→ Instructions to follow
Return the data exactly, without pictures.

(Beginning of Source material)

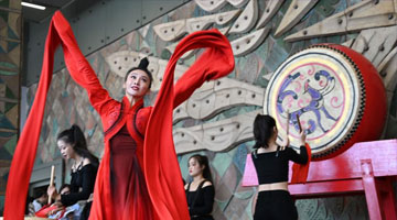 8月8日,參加暑期社會實踐的大學生在活動開幕式現場表演節目。
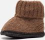 Bergstein Cozy pantoffels met gebreide omslagboord voor jongens en meisjes in de kleur bruin. Deze pantoffels komen uit de Bergstein all season collectie en zijn gemaakt van wol. Op de zijkant een klein merklabel met de tekst BERGSTEIN. De pantoffels hebben een voering van zuiver scheerwol en zijn dus heel lekker warm! De zool is van supersterk natuurrubber en blijft eindeloos mooi!
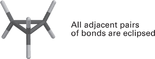 Figure 4.3 Three representations of the eclipsed conformation of ethane. (Reproduced, with permission, from Carey FA, Giuliano RM. Organic Chemistry. 9th ed. New York: McGraw-Hill Education; 2014.)

(End of Source material)

→ Answer for this exercise
 8月8日,參加暑期社會實踐的大學生在活動開幕式現場表演節目。
 Bergstein Cozy pantoffels met gebreide omslagboord voor jongens en meisjes in de kleur bruin. Deze pantoffels komen uit de Bergstein all season collectie en zijn gemaakt van wol. Op de zijkant een klein merklabel met de tekst BERGSTEIN. De pantoffels hebben een voering van zuiver scheerwol en zijn dus heel lekker warm! De zool is van supersterk natuurrubber en blijft eindeloos mooi!
 Figure 4.3 Three representations of the eclipsed conformation of ethane. (Reproduced, with permission, from Carey FA, Giuliano RM. Organic Chemistry. 9th ed. New York: McGraw-Hill Education; 2014.)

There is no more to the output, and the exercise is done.